TASK PROMPT: Reproduce exactly the run of lines that begins with the one containing "Next, you’ll be" and ends with the last line of the records, omitting pictures.

· · · ·

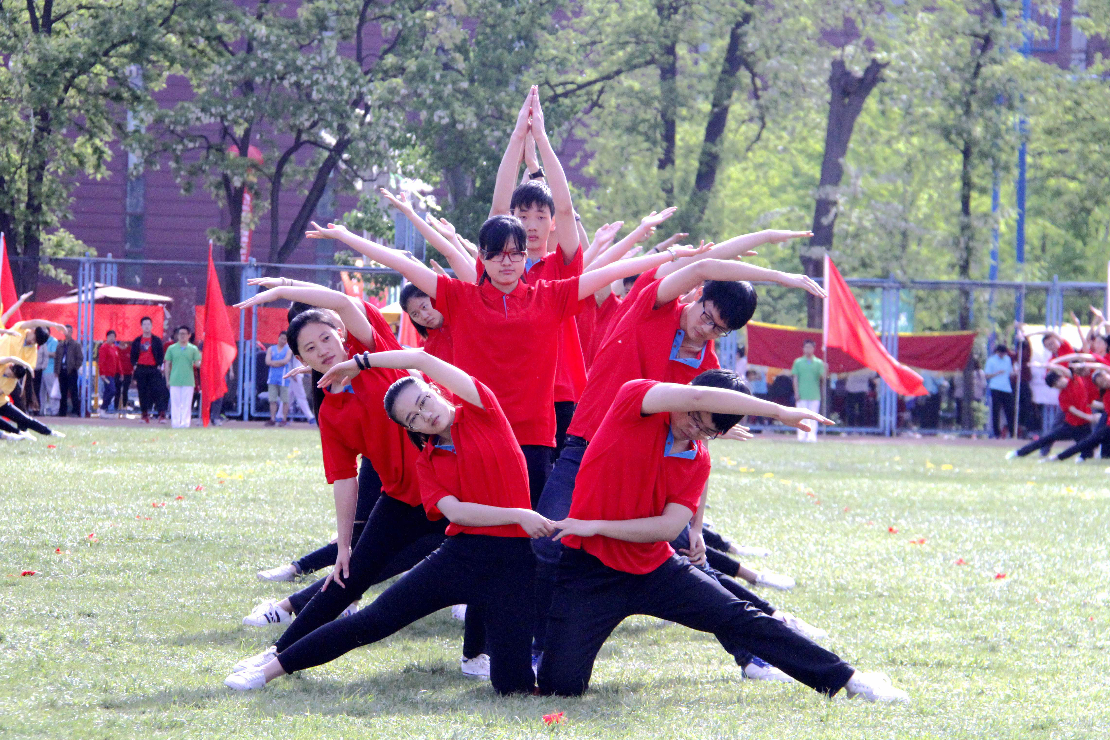 的方阵成员不辞辛苦,利用早操和课余时间积极进行排演。每次早操,他们不厌其烦的一次又一次的练习体操动作,在早晨和煦的阳光下舒展着自己的身躯;在一天课业完成之后,他们相约在晚上进行集体训练,力求将自己最好的一面展现给全校的观众。随着训练的深入,他们的动作从生疏到熟练;他们的身姿生硬从到柔美,日臻优美,彰显着自身的青春活力。
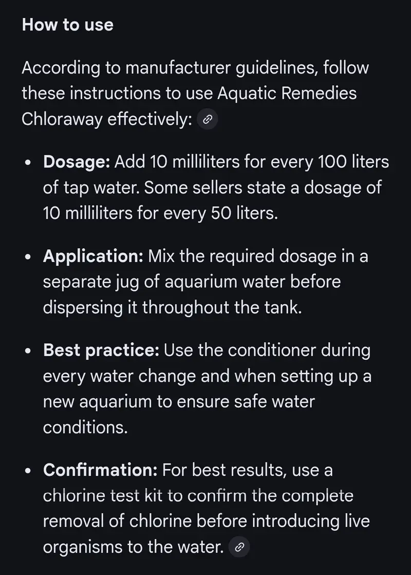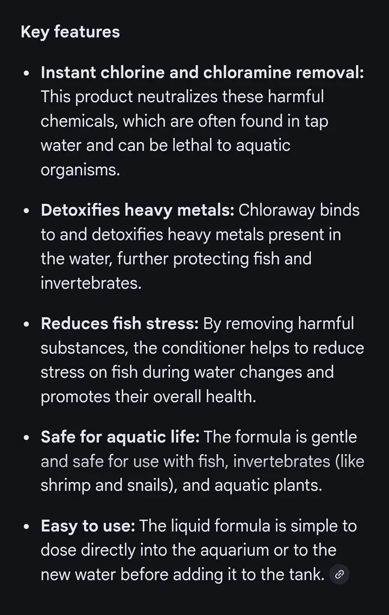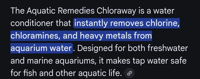 Use: Makes tap water safe by removing chlorine and binding heavy metals
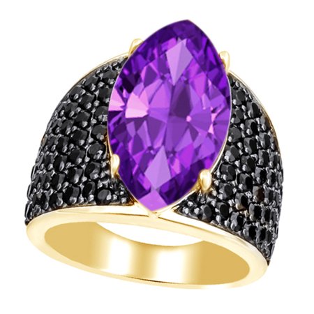 <ul> <li>Metal Type : 14k Yellow Gold Over Sterling Silver GUARANTEED, Authenticated with a 925 Stamp</li> <li>Gem Type :- Simulated Amethyst (Lab Created); Simulated Black Spinel (Lab Created)</li> <li>Stone Shape :- Marquise Shape & Round Shape</li> <li>Stone Setting type :- prongs</li> <li>Stone Clarity :- VVS1-VVS2 & VVS1-VVS2, Stone Color :- Violet; Black</li> </ul>
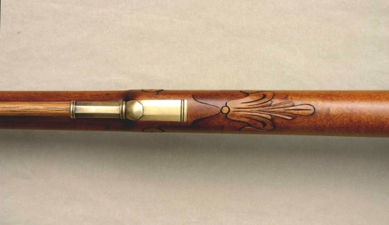 Jim es, obviamente, intrigado por la obra de George Schroyer y de alguna manera ha prestado su "Flor de Lis" diseños de tipo tanto detrás de la espiga y la entrada trasera. Esta es su última pieza, que se terminó días antes de la 2007 "Contemporary Longrifle Show", en Lexington, Kentucky. Esta pieza está basada en varios de los rifles Schroyer y un "recién llegado" rifle. comenta Jim, "quería mantener el rifle bastante conservador y no demasiado elaboradas. Traté de dar forma a la población a tener una arquitectura llamativa con talla fuerte que complementa muy bien. "Fue con mucho éxito con su esfuerzo artístico y el rifle fue rápidamente arrebatada por uno de los coleccionistas de armas de fuego de primera contemporáneo, el Dr. Barry Maxfield. El cañón es de los hermanos Rice - calibre .54, 44 pulgadas de largo. El bloqueo es una Ketland Cámaras temprana que ha sido alterado, cementado y templado así. El touchhole no está alineado, sino más bien directa perforados y conificado internos, que prevé un encendido tradicional con todo muy rápido y fiable. El stock has13 5 / 8 "pulgadas de tirar y se forma desde muy dura y densa de azúcar de arce aserrada trimestre de valores de Dick Miller. Se terminó en primer lugar utilizando raspadores y teñidas con agua fuerte. Todos los componentes excepto el barril, seguridad y los tornillos son hechos a mano.
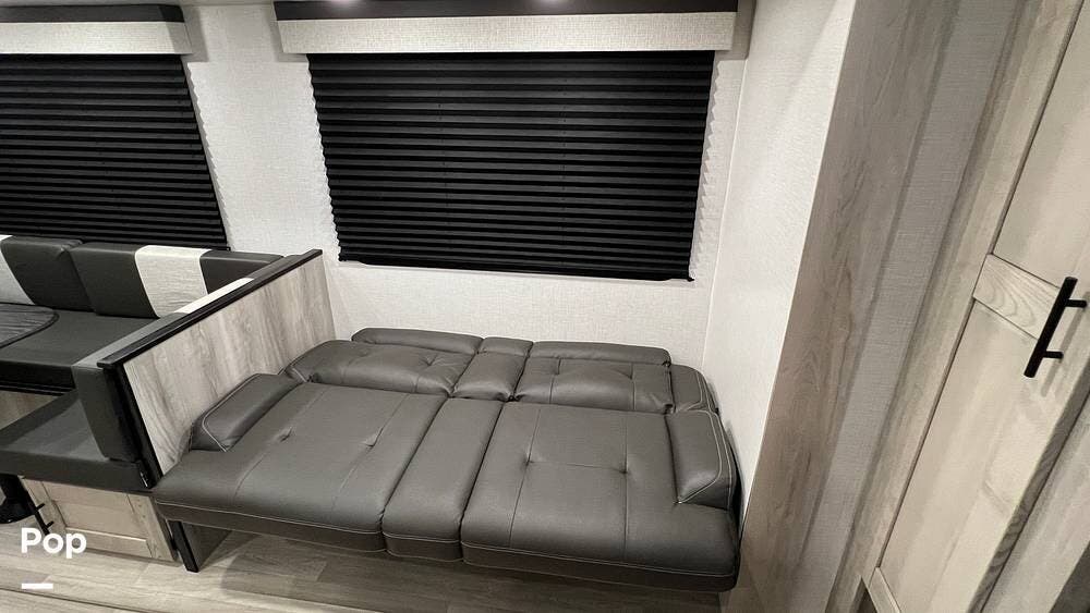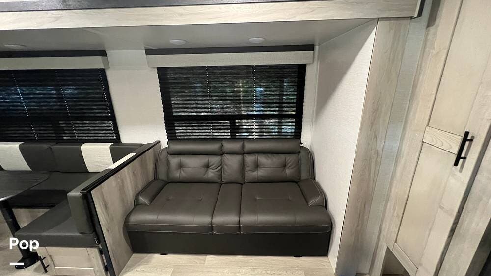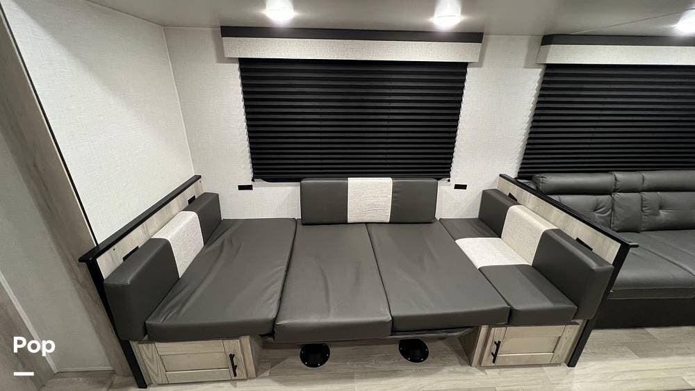 The front bedroom is private and has a queen-size pedestal bed with storage below, overhead, and on both sides, so plenty of storage space is available. The jack-knife sofa and large U-shaped dinette can both be quickly converted into additional sleeping areas if needed.
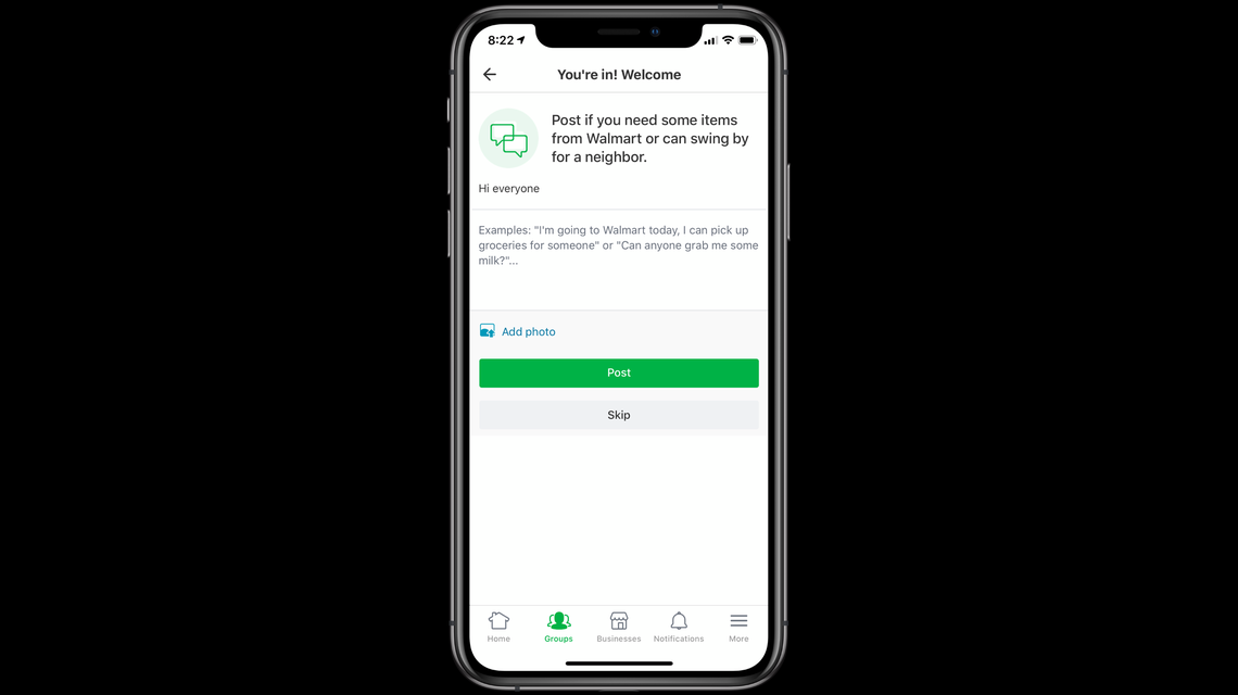 Next, you’ll be able to share a note in the group feed if you need help getting items from Walmart or want to help others get what they need. After community members connect in the group feed, they can work out shopping trip specifics on the message board or in a direct message.
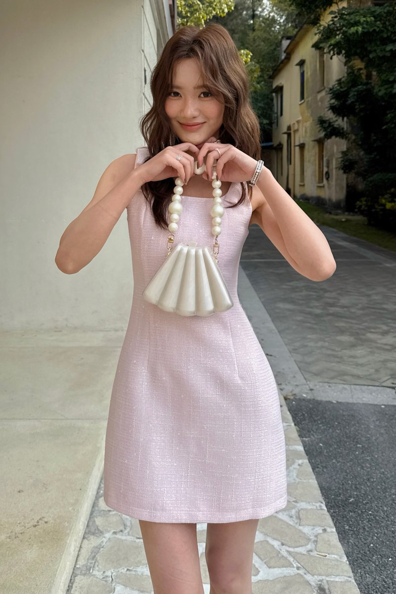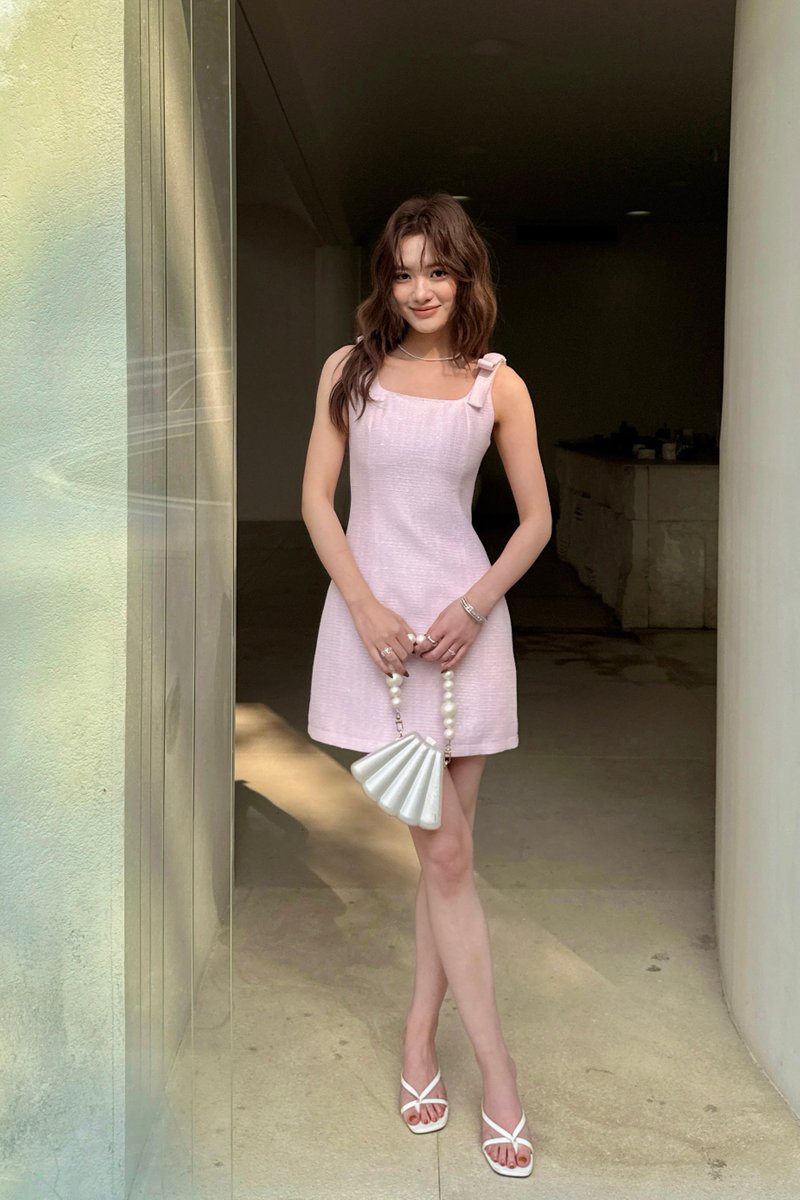 LE MER TWEED BOW-STRAP DRESS IN PINK

· · · ·

YOUR RESPONSE:
 Next, you’ll be able to share a note in the group feed if you need help getting items from Walmart or want to help others get what they need. After community members connect in the group feed, they can work out shopping trip specifics on the message board or in a direct message.
 LE MER TWEED BOW-STRAP DRESS IN PINK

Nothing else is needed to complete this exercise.